Supplied information:
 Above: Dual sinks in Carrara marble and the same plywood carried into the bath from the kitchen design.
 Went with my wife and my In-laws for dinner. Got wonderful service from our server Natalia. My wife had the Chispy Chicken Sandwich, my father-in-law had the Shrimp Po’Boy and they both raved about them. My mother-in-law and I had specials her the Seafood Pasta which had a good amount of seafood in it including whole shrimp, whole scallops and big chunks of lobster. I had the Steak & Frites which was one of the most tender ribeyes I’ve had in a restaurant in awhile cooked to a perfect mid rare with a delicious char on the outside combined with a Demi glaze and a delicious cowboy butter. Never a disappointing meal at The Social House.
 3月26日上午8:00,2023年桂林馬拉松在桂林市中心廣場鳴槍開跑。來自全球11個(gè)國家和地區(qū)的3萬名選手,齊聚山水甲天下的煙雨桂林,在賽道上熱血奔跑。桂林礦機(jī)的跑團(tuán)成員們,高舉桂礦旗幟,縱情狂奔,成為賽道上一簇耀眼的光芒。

--

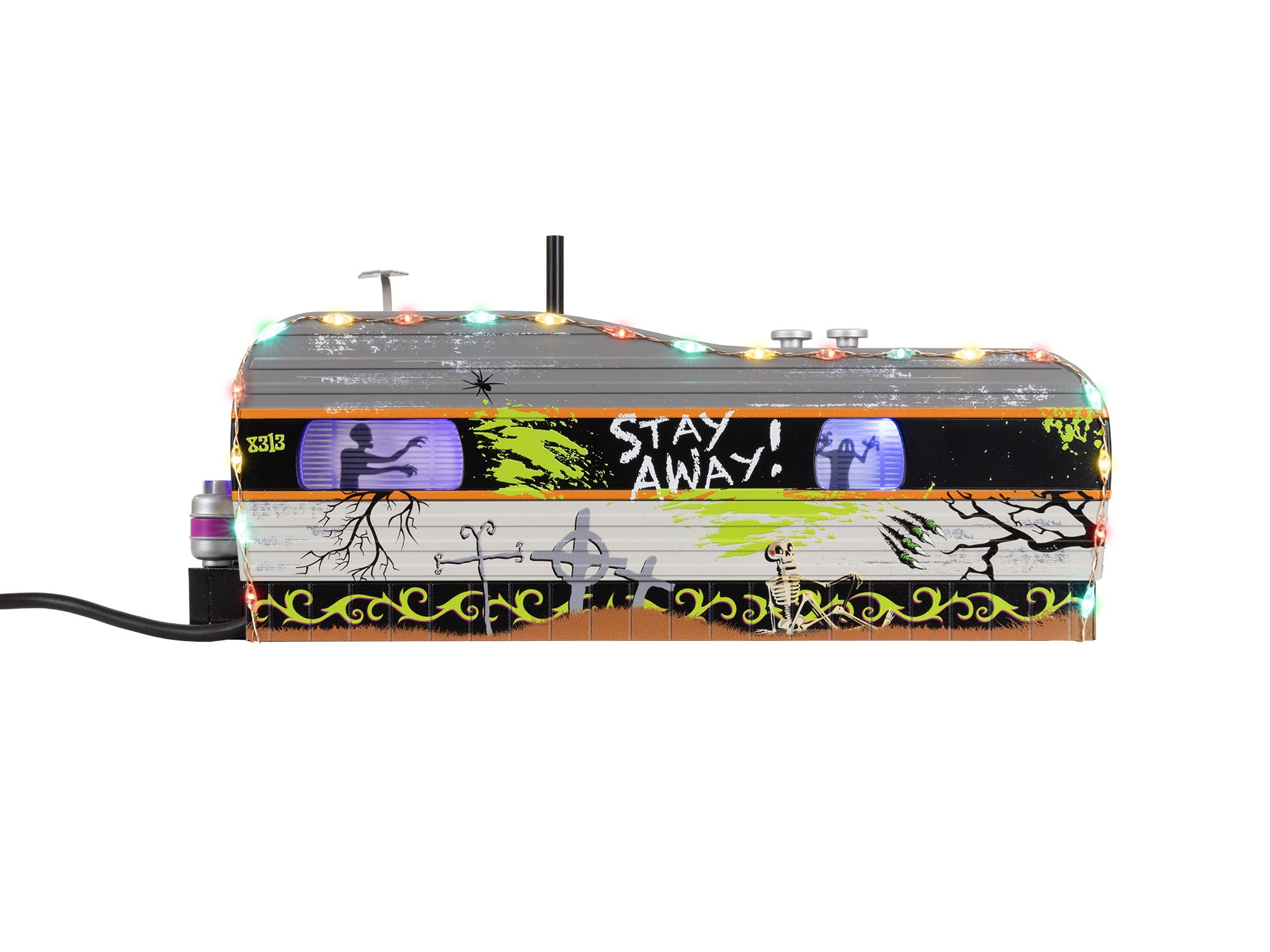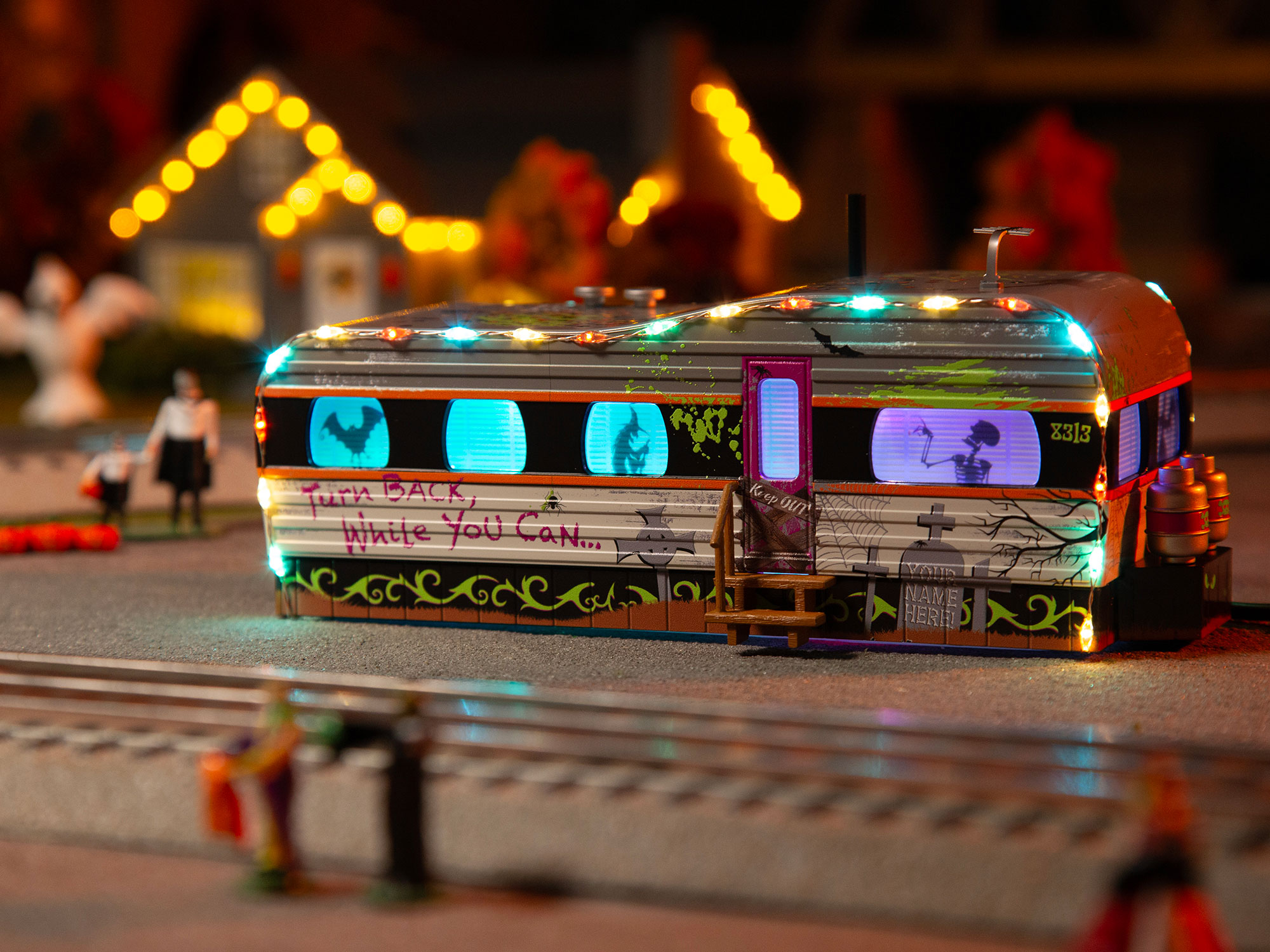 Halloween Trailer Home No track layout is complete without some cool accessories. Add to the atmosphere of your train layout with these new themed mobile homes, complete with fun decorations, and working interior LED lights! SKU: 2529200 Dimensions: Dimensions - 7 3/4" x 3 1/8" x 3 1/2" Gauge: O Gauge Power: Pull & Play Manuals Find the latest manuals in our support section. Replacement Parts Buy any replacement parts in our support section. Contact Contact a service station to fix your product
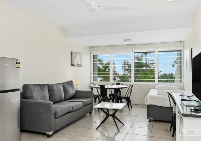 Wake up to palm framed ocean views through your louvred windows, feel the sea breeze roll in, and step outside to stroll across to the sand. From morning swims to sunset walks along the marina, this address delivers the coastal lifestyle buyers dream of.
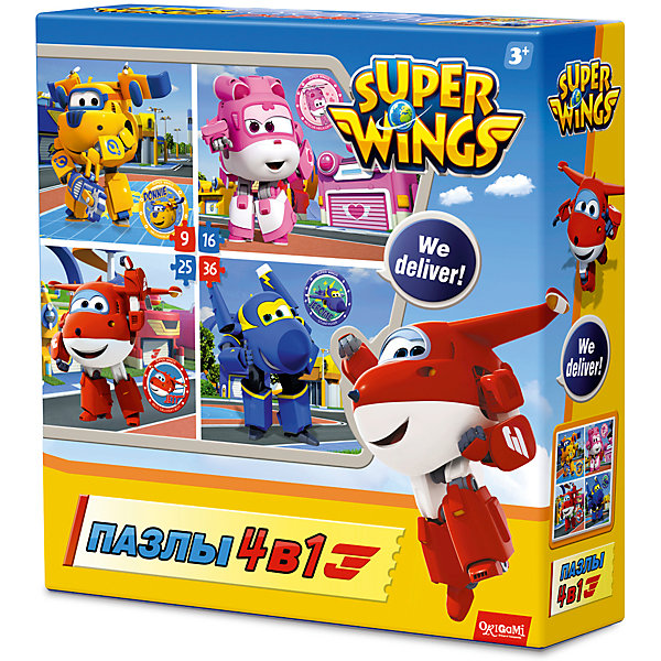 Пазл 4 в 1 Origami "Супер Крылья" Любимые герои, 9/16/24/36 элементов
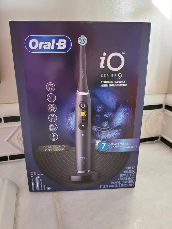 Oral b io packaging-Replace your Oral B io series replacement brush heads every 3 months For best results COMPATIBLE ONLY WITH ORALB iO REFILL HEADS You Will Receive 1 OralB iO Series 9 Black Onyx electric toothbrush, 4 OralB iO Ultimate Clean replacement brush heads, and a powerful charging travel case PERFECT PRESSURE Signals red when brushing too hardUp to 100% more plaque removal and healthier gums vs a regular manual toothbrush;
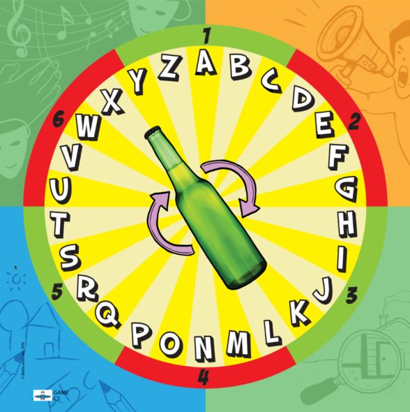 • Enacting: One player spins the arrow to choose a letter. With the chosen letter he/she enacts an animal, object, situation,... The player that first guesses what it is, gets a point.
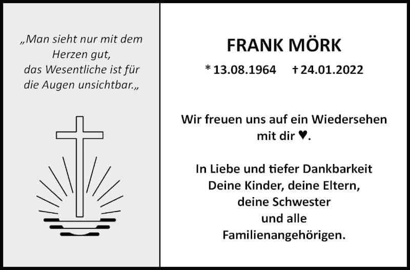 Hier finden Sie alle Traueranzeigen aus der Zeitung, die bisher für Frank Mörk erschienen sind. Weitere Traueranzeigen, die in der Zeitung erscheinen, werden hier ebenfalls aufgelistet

Problem statement: Above are some records; copy exactly the lines from the one with "Above: Dual sinks" through the one with "3月26日上午8:00,20", both included, and no others.

Response box:
 Above: Dual sinks in Carrara marble and the same plywood carried into the bath from the kitchen design.
 Went with my wife and my In-laws for dinner. Got wonderful service from our server Natalia. My wife had the Chispy Chicken Sandwich, my father-in-law had the Shrimp Po’Boy and they both raved about them. My mother-in-law and I had specials her the Seafood Pasta which had a good amount of seafood in it including whole shrimp, whole scallops and big chunks of lobster. I had the Steak & Frites which was one of the most tender ribeyes I’ve had in a restaurant in awhile cooked to a perfect mid rare with a delicious char on the outside combined with a Demi glaze and a delicious cowboy butter. Never a disappointing meal at The Social House.
 3月26日上午8:00,2023年桂林馬拉松在桂林市中心廣場鳴槍開跑。來自全球11個(gè)國家和地區(qū)的3萬名選手,齊聚山水甲天下的煙雨桂林,在賽道上熱血奔跑。桂林礦機(jī)的跑團(tuán)成員們,高舉桂礦旗幟,縱情狂奔,成為賽道上一簇耀眼的光芒。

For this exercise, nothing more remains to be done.